Ook Opera Zuid hield dit seizoen heel redelijk stand, ondanks een fikse subsidiekorting. Voor een groter publiek aantrekkelijke opera's werden op een originele manier gespeeld: Manon van Massenet werd door de jonge regisseur Lotte de Beer naar de glamour en glitter van de wereld van RTL Boulevard verplaatst; Nicola Glück zette Puccini's Tosca tegen een decor van doorzichtig golfplaat (heel inventief werkt in elke stad een plaatselijk koor mee); Pagliacci van Leoncavallo werd door Miranda van Kralingen zelf, samen met Nynke van den Bergh, gezet in een echt circus in het Italië van net na de Tweede Wereldoorlog, de tijd van het neorealisme.
Ook in de Brusselse Munt, vorig jaar door het blad Opernwelt uitgeroepen tot operahuis van het jaar, werden bekende opera's in een nieuw licht vertoond. In Puccini's Manon Lescaut wordt een warme Eva-Maria Westbroek door regisseur Trelinski in een koude omgeving geplaatst; Barbara Hannigan moet van regisseur Warlikowski als Lulu op spitzen balanceren; filmregisseur Michel Haneke wil consequent dat Mozarts Cosí fan tutte geen komedie meer is, maar een donker huwelijksdrama. Ook hier was er een wereldpremière: het vriendelijke La Dispute van Benoît Mernier naar de Franse toneelschrijver Marivaux.

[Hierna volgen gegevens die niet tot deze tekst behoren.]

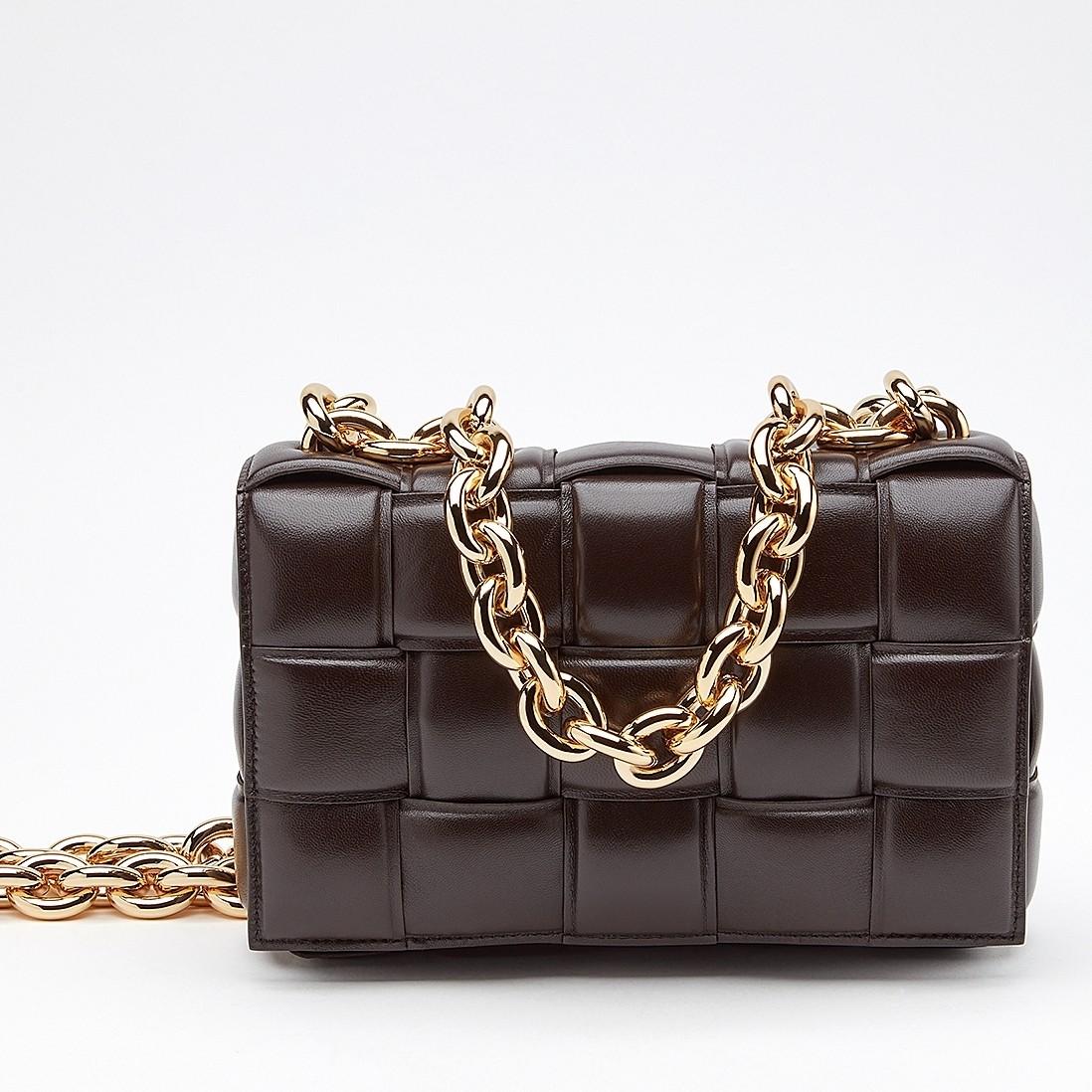 Daniel Lee takes Bottega Veneta’s signature intrecciato weave and reworks it again – this time using padded strips of leather to create a puffy silhouette. This ‘Cassette’ shoulder bag unlocks to reveal a spacious interior with a zipped pocket. Match any jewelry to the chunky gold chain strap, which happens to be another new addition for Pre-Fall ’20.

Virtuoos en aangrijpend was bij de Vlaamse Opera de bewerking die Terry Gilliam van de Monty Pythons heeft gemaakt van La damnation de Faust van Berlioz. Hij legde op een verassende manier frappante parallellen bloot tussen de verleiding van Faust door Mefisto en de verleiding van het Duitse volk door de nazi's.
Oud-Nederlands
Het Holland Festival bracht dit jaar zeer veel muziektheater, waaronder twee producties met een groot Nederlands aandeel. Sunken Garden van Michel van der Aa op een gecompliceerd libretto van David Mitchell is een schitterende en diepzinnige opera met als technisch hoogstandje gezongen film in drie dimensies. Verder twee indrukwekkende eenakters van Rob Zuidam over excentrieke vrouwen, Troparion, in het oud-Grieks, over een geëxalteerde vrouw in de Egyptische woestijn en Suster Bertken, de Utrechtse non die zich liet inmetselen in de Utrechtse Buurkerk, in het oud-Nederlands.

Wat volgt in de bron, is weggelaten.